__Work to complete__.
Retype the whole listing verbatim and keep the pictures out of it.

__Data extract__.
-- Opening Marker --
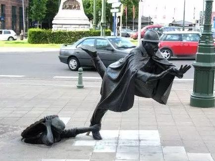 1、《捉弄警察的叛逆少年》,位于比利時(shí)布魯塞爾市中心不遠(yuǎn)的圣約翰廣場(chǎng)。藝術(shù)家Tom Frantzen作品,表現(xiàn)的是一名調(diào)皮的少年從下水道中鉆出抓住了警察的一只腳。
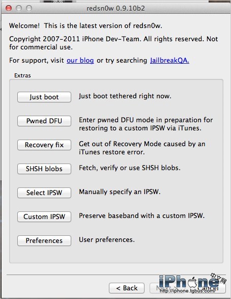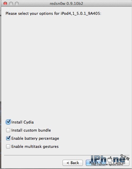 5、點擊Back,退回Redsn0w首頁
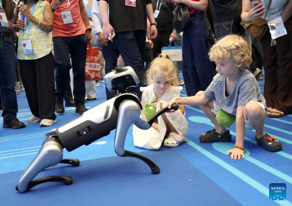GUANGZHOU, 17 abril, 2026 (Xinhua) -- Imagen del 15 de abril de 2026 de un niño estrechando la mano de un perro robot en la edición número 139 de la Feria de Importación y Exportación de China, en Guangzhou, en la provincia de Guangdong, en el sur de China. La edición número 139 de la Feria de Importación y Exportación de China, también conocida como la Feria de Cantón, se inauguró aquí el miércoles. En el evento se ha habilitado un área de exposición para robots de servicio, que reúne a 46 empresas para mostrar las innovaciones tecnológicas y las capacidades de aplicación del sector de los robots de servicio de China. (Xinhua/Lu Hanxin)
-- Closing Marker --
__Your solution__.
 1、《捉弄警察的叛逆少年》,位于比利時(shí)布魯塞爾市中心不遠(yuǎn)的圣約翰廣場(chǎng)。藝術(shù)家Tom Frantzen作品,表現(xiàn)的是一名調(diào)皮的少年從下水道中鉆出抓住了警察的一只腳。
 5、點擊Back,退回Redsn0w首頁
GUANGZHOU, 17 abril, 2026 (Xinhua) -- Imagen del 15 de abril de 2026 de un niño estrechando la mano de un perro robot en la edición número 139 de la Feria de Importación y Exportación de China, en Guangzhou, en la provincia de Guangdong, en el sur de China. La edición número 139 de la Feria de Importación y Exportación de China, también conocida como la Feria de Cantón, se inauguró aquí el miércoles. En el evento se ha habilitado un área de exposición para robots de servicio, que reúne a 46 empresas para mostrar las innovaciones tecnológicas y las capacidades de aplicación del sector de los robots de servicio de China. (Xinhua/Lu Hanxin)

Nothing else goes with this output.